EXTRACTED ENTRIES below:

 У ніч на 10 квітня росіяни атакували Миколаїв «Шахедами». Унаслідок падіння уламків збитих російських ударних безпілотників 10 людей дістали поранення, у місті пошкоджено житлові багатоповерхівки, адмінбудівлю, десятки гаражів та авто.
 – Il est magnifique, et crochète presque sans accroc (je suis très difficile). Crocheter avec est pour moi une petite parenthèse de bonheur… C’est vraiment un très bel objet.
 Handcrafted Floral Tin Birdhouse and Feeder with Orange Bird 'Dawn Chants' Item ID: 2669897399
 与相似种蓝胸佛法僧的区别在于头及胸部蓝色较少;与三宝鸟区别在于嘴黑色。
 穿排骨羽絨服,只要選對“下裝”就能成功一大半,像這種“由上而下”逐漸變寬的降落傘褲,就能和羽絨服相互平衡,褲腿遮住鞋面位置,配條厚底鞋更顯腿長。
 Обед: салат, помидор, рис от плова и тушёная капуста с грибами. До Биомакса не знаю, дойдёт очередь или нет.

End of EXTRACTED ENTRIES.
EXTRACTED ENTRIES below:

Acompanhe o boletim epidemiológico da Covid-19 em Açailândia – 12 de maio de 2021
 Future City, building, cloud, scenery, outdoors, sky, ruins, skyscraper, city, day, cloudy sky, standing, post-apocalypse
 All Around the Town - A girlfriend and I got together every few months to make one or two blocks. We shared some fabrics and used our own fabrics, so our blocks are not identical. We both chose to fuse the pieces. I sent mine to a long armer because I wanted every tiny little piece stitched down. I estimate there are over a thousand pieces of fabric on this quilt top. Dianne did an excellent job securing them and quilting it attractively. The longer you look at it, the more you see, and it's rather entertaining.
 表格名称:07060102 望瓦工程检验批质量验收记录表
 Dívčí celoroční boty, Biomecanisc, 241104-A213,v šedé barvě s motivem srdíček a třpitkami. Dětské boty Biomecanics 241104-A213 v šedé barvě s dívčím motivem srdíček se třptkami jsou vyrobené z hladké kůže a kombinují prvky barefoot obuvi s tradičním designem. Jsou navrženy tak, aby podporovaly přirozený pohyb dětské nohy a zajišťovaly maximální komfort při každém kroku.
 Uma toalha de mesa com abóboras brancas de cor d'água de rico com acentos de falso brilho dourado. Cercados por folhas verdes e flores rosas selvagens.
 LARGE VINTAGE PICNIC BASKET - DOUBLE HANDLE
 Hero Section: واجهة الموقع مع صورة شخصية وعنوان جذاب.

End of EXTRACTED ENTRIES.
EXTRACTED ENTRIES below:

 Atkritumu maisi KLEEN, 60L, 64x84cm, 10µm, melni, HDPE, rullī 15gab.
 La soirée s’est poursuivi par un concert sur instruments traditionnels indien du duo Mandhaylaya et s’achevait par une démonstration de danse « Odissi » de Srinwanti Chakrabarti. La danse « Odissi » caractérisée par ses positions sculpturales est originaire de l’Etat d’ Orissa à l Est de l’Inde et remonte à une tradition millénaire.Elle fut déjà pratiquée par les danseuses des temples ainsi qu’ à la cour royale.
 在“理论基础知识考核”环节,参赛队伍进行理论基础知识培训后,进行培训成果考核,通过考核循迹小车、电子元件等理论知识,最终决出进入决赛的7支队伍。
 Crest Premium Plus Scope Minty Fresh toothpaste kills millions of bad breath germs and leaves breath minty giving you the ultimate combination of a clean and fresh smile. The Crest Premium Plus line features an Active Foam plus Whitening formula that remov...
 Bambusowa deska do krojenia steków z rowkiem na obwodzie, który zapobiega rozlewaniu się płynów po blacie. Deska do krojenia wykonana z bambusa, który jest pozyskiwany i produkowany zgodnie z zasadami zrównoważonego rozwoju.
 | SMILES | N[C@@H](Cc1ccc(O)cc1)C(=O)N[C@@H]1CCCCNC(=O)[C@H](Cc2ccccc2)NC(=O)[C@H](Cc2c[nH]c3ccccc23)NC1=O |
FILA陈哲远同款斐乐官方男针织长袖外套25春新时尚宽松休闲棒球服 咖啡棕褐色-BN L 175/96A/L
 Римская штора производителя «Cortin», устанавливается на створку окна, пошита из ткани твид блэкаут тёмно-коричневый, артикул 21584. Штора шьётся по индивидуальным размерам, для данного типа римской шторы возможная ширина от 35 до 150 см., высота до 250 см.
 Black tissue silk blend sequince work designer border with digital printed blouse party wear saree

End of EXTRACTED ENTRIES.

▸ WHAT NEEDS TO BE DONE:
Your answer should consist of the lines from the line with "Uma toalha de" to the line with "Hero Section: واجهة" above, repeated exactly, both ends included.

▸ TASK OUTPUT:
 Uma toalha de mesa com abóboras brancas de cor d'água de rico com acentos de falso brilho dourado. Cercados por folhas verdes e flores rosas selvagens.
 LARGE VINTAGE PICNIC BASKET - DOUBLE HANDLE
 Hero Section: واجهة الموقع مع صورة شخصية وعنوان جذاب.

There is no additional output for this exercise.